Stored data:
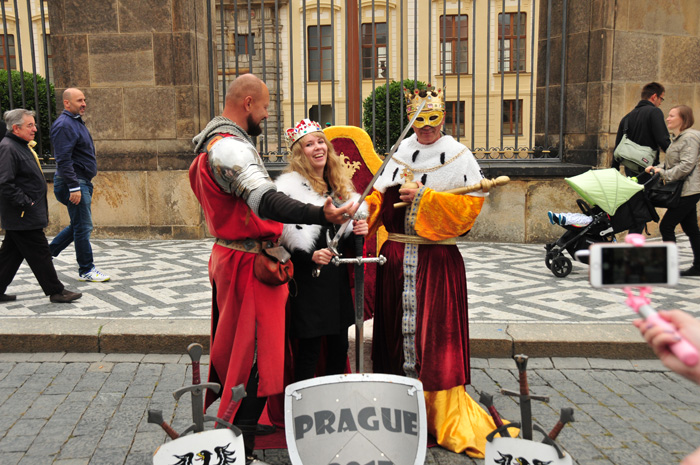 Natürlich sollte auch das touristische Foto in der Gruppe nicht fehlen, so zumindest die Idee des Königspaares in diesem Bild, schnell waren die Kostüme angelegt. Für uns ging es weiter in Richtung Hradschin Gärten.
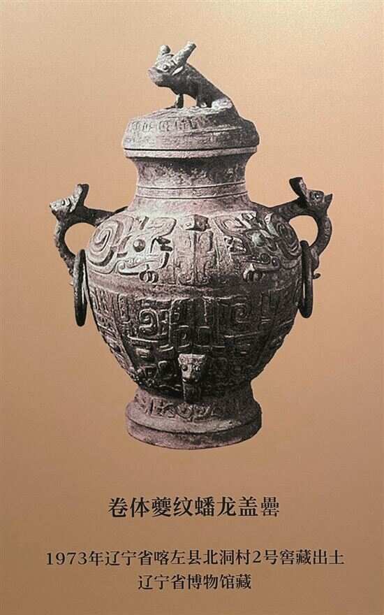 卷体夔纹蟠龙盖罍,1973年辽宁省喀左县北洞村2号窖藏出土,辽宁省博物馆藏。
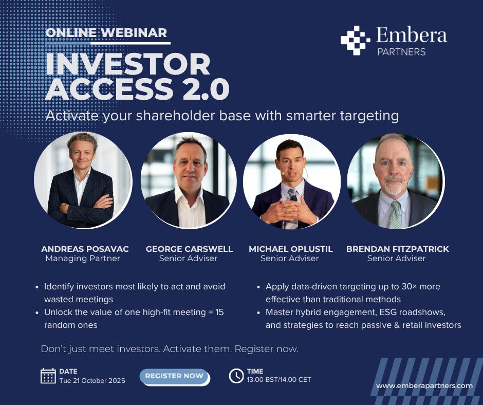 Please note: Participation is restricted to corporate issuers and relevant professionals. We reserve the right to decline registrations.
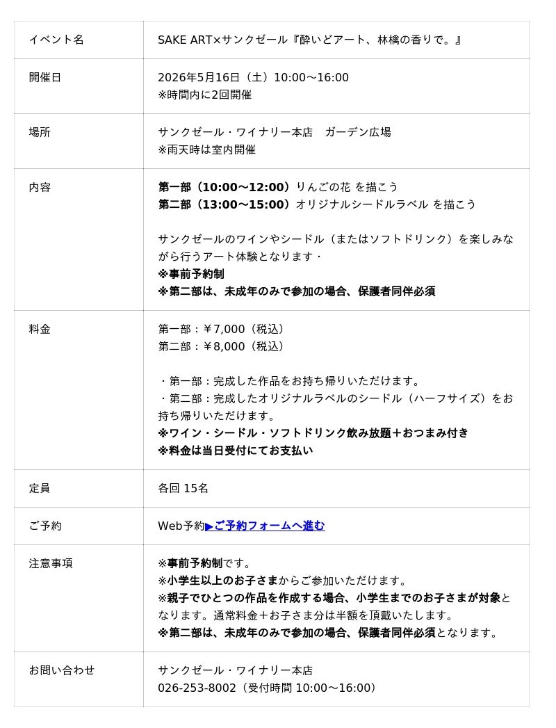 株式会社サンクゼール(本社:長野県飯綱町/代表取締役社長:久世良太)は、2026年5月16日(土)にサンクゼール・ワイナリー本店 ガーデン広場にて開催する年に一度のイベント『いいづなシードルガーデン2026』において、株式会社ARTLIER(アートリエ/代表取締役:目黒健太郎)が主催するアート体験スタジオ「SAKE ART(サケアート、以下「SAKE ART」)」との初めてのコラボレーションとなる特別ワークショップを開催いたします。
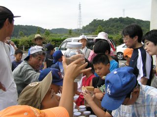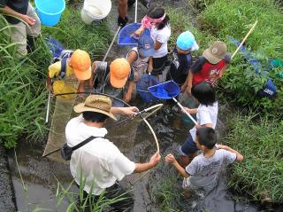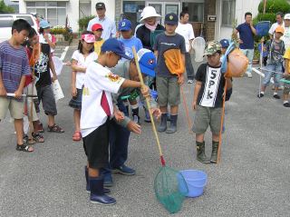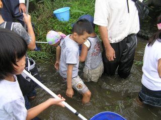 先生方の引率で、何校もの小学生のみんなが参加してくれたので、いつになくにぎやかな観察会でした。参加者の多さのために、さながら芋洗いの感じもありましたが、魚たちに逃げるすきも与えず、みんな大はしゃぎで魚などを捕まえていました。大勢で頑張ったおかげか、カワムツやテナガエビといったいつもの生き物たち以外に、今まで見つけていなかったナマズやタイコウチも発見できました。
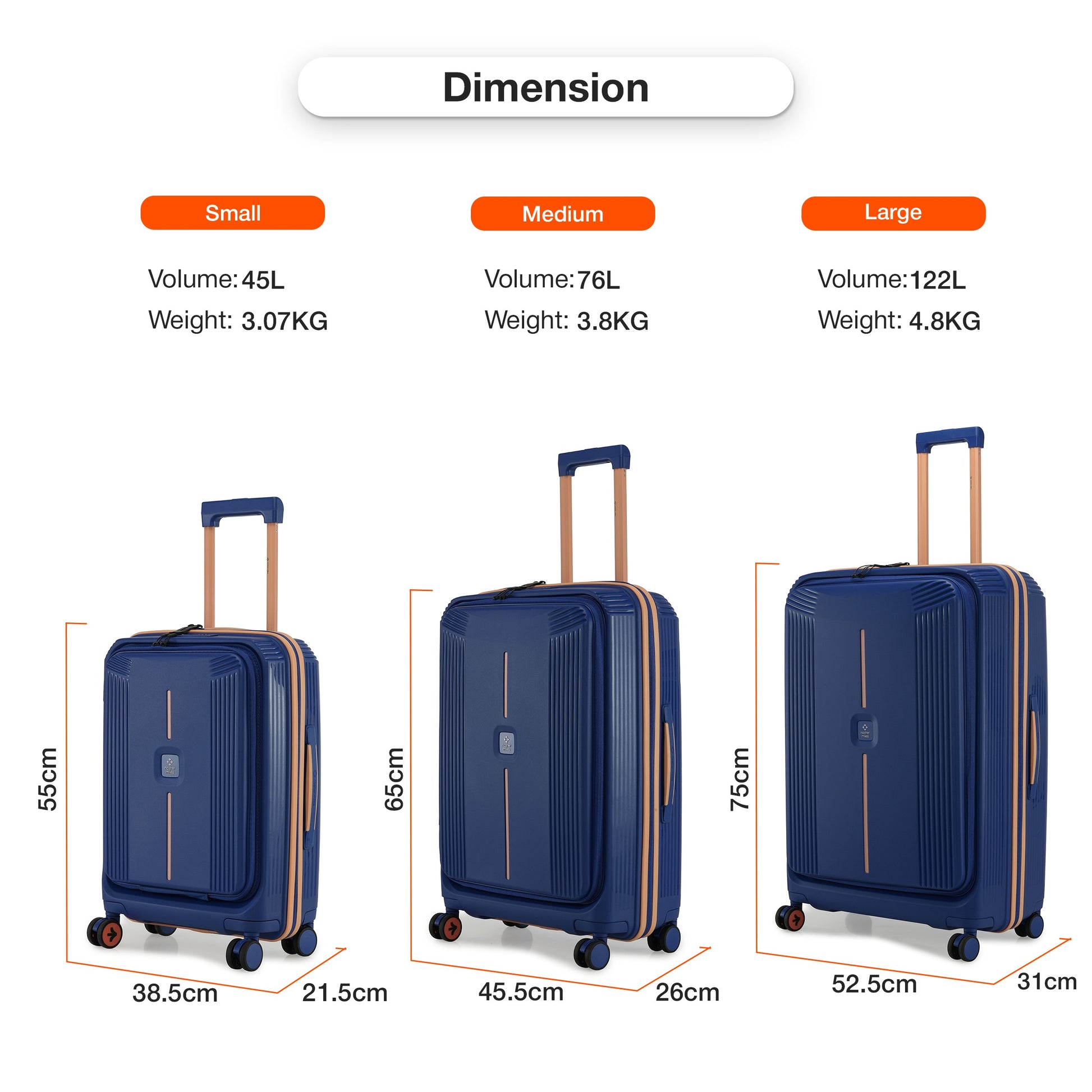 Nasher Miles Alexandria Hard-Sided Polypropylene TSA Lock Cabin Luggage with Laptop Compartment 20 inch | 55cm | 8 Wheels Small Trolley Bag for Travel | Suitcase (Navy Blue Peach)
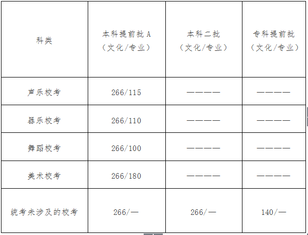 ⑴按教育部規(guī)定,部分獨(dú)立設(shè)置的藝術(shù)院校和參照執(zhí)行的院校(或?qū)I(yè))藝術(shù)類本科專業(yè),文化、專業(yè)錄取控制線由學(xué)校自行確定,我省統(tǒng)考涉及到的專業(yè),還需要我省相應(yīng)類別專業(yè)統(tǒng)考合格。其藝術(shù)類專科專業(yè):我省統(tǒng)考涉及的,文化、專業(yè)錄取控制線按我省相應(yīng)統(tǒng)考類執(zhí)行;我省統(tǒng)考未涉及的,文化控制線為140分,專業(yè)控制線由院校確定。
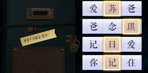 在道具栏仔细查看日记本时,会发现夹层中藏有「爸爸不许偷看~爱你」的便签纸。经过多次排列组合测试,最终确认有效密码为「爸爸爱你」四字组合。输入后成功开启日记本,揭晓了关键人物苏琪的家族往事。
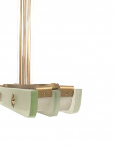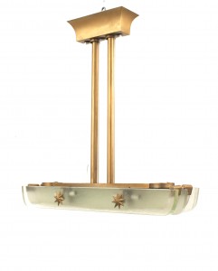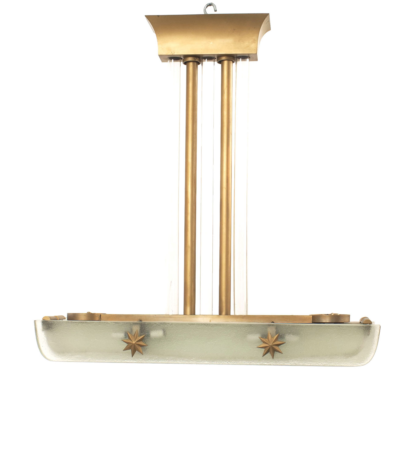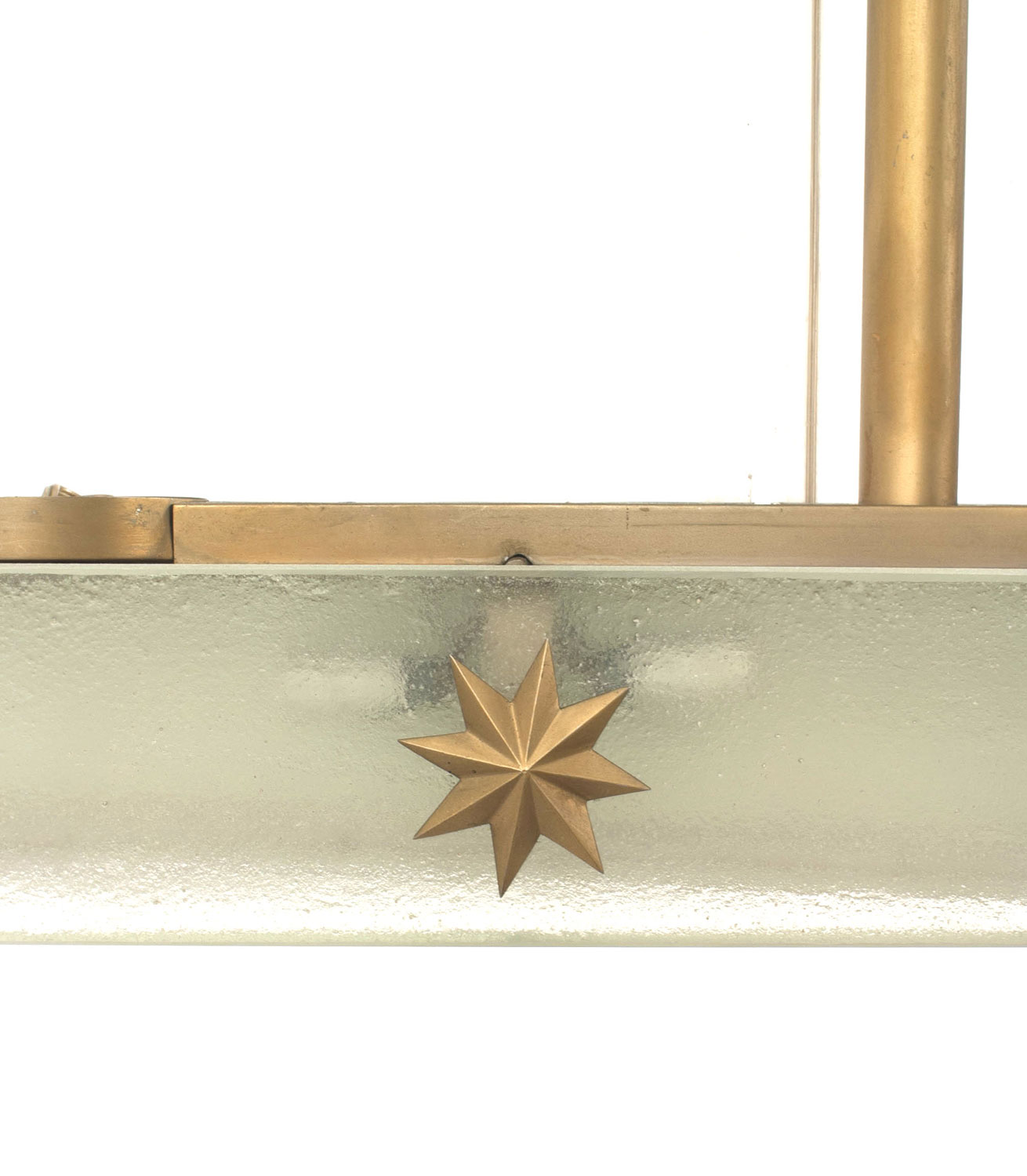 French (1940s) chandelier with lucite horizontal panels separated by 3 Saint-Gobain Glass panels with gilt star trim and suspended by a gilt metal and tubular glass center extension..
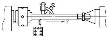 生产时,采用零件端用自定心卡盘夹紧,另一端用螺纹回转顶尖拉制的加工方式,走刀方向为从机床主轴向尾座即反向走刀,用自定心卡盘跟刀架辅助支承,在车削中跟刀架随着刀具纵向进给,能很好地起到支承作用。零件加工示意如图2所示。用此法加工的细长杆类工件,能解决加工过程中由于切削热而产生的线膨胀变形和径向切削力带来的弯曲变形,反向走刀可以使工件受一个与切削力方向一致的轴向拉力,使工件不被甩弯。

> [Exercise instructions]: Give again, word for word, every line from the top of the data through the line with "⑴按教育部規(guī)定,部", both ends included, and exclude the pictures.

> [Exercise result]:
 Natürlich sollte auch das touristische Foto in der Gruppe nicht fehlen, so zumindest die Idee des Königspaares in diesem Bild, schnell waren die Kostüme angelegt. Für uns ging es weiter in Richtung Hradschin Gärten.
 卷体夔纹蟠龙盖罍,1973年辽宁省喀左县北洞村2号窖藏出土,辽宁省博物馆藏。
 Please note: Participation is restricted to corporate issuers and relevant professionals. We reserve the right to decline registrations.
 株式会社サンクゼール(本社:長野県飯綱町/代表取締役社長:久世良太)は、2026年5月16日(土)にサンクゼール・ワイナリー本店 ガーデン広場にて開催する年に一度のイベント『いいづなシードルガーデン2026』において、株式会社ARTLIER(アートリエ/代表取締役:目黒健太郎)が主催するアート体験スタジオ「SAKE ART(サケアート、以下「SAKE ART」)」との初めてのコラボレーションとなる特別ワークショップを開催いたします。
 先生方の引率で、何校もの小学生のみんなが参加してくれたので、いつになくにぎやかな観察会でした。参加者の多さのために、さながら芋洗いの感じもありましたが、魚たちに逃げるすきも与えず、みんな大はしゃぎで魚などを捕まえていました。大勢で頑張ったおかげか、カワムツやテナガエビといったいつもの生き物たち以外に、今まで見つけていなかったナマズやタイコウチも発見できました。
 Nasher Miles Alexandria Hard-Sided Polypropylene TSA Lock Cabin Luggage with Laptop Compartment 20 inch | 55cm | 8 Wheels Small Trolley Bag for Travel | Suitcase (Navy Blue Peach)
 ⑴按教育部規(guī)定,部分獨(dú)立設(shè)置的藝術(shù)院校和參照執(zhí)行的院校(或?qū)I(yè))藝術(shù)類本科專業(yè),文化、專業(yè)錄取控制線由學(xué)校自行確定,我省統(tǒng)考涉及到的專業(yè),還需要我省相應(yīng)類別專業(yè)統(tǒng)考合格。其藝術(shù)類專科專業(yè):我省統(tǒng)考涉及的,文化、專業(yè)錄取控制線按我省相應(yīng)統(tǒng)考類執(zhí)行;我省統(tǒng)考未涉及的,文化控制線為140分,專業(yè)控制線由院校確定。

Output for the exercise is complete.